INTRODUCTION: Dermal filler applications in the nose are mainly performed in two indications: (a) total dorsal augmentation, (b) injections to certain areas for nonsurgical aesthetic corrections and camouflage or to cover defects such as postoperative irregularities or deviations.
In order to obtain aesthetic results, injections are generally applied to four regions: (1) radix, (2) supratip, (3) tip, and (4) nasal spine. Radix and supratip injections are mostly made for hump camouflage, and the rest are for tip rotation and projection.

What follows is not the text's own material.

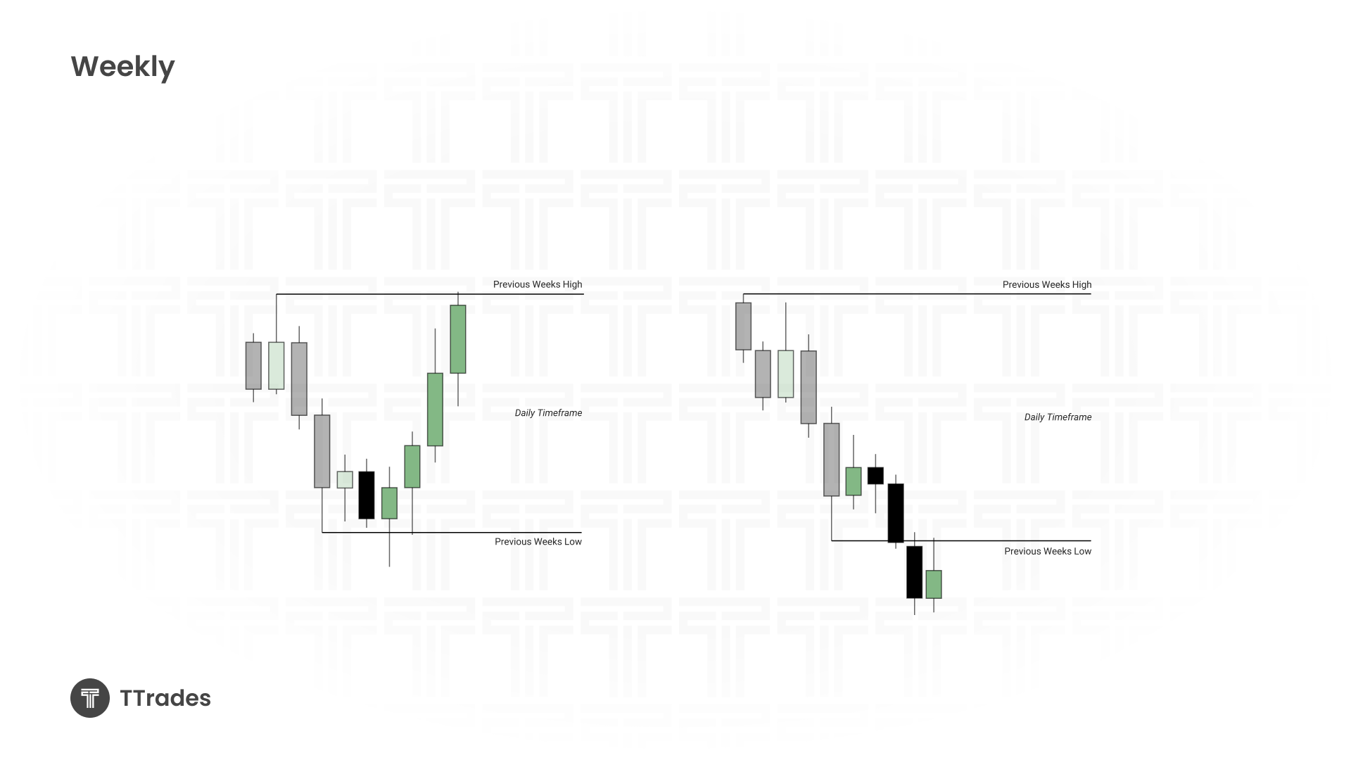 Weekly highs and lows are useful for framing intermediate term bias, identifying weekly reversals, and determining whether price is expanding or balancing. When price displaces and closes beyond a weekly level, it often signals continuation toward the opposite side of the range.

In our study, we developed a hybrid treatment model by applying two different structural types of dermal fillers. We used fillers containing hyaluronic acid (HA), a hydrophilic material, in cases where definition was required for the nasal tip and augmentation in supratip region. Besides, in cases where augmentation was required for radix and elevation was required for nasal tip, we used fillers containing agarose gel, a non-hydrophilic (hydocolloid) and high G prime filler material, so that it does not cause an undesired expansion by swelling, which may disrupt the aesthetics of the nasal root or narrow the airway by widening of the columella.1
MATERIALS AND METHODS: A total of 32 woman patients (mean age 27 years) desiring filler treatment for non-surgical correction of nose in a 2-year period were enrolled in this study. Inclusion criteria consisted of patients who had not received any previous filler injections, threads, or surgery. A 3.5% agarose gel was mixed with 0.2 ml of 2% lidocaine, and the mixture was applied with 27 G needle to the radix and nasal spine by perpendicular supraperiosteal injection with small boluses. After radix and nasal spine injections, HA filler containing 20 mg HA with lidocaine was applied with 32 G needle for the tip defining points and supratip area by intradermal injection, if needed. The patients were seen two weeks after injection in order to see if there is any complications or misplacement or revisional “touch-up” needed. Follow-up visits were made on 1 and 6 months after the injection. Clinical improvement was evaluated by a different blinded plastic surgeons using the Global Aesthetic Improvement Scale from 1 to 5 (1: exceptional improvement; 2: very improved; 3: mild improvement; 4: unaltered patient; 5: worsened patient). Patient satisfaction was evaluated in a scale from 0 to 10 (0: not satisfied with results; 10: very satisfied)
RESULTS: Mean score of patient satisfaction was 9.09 of 10 after injection and 9 of 10 after 2 weeks. Clinical evaluation scores after injection were 1.72/5 and 169/5 in GAIS. No major complication was observed.
CONCLUSIONS: To our knowledge, this is the first study adopting the understanding of hybrid approach with a new agarose gel and HA filler in different anatomical locations for nonsurgical correction of nose. We can conclude that this HA and nonswelling agarose gel filler hybrid concept represents a great and safe option for nonsurgical rhinoplasty procedures.
REFERENCE:
1. Sánchez A, Bernárdez C. A new nonhydrophilic agarose gel as subdermal filler for facial rejuvenation: aesthetic results and patient satisfaction J Cosmet Dermatol. 2020;19(8):1900–1906.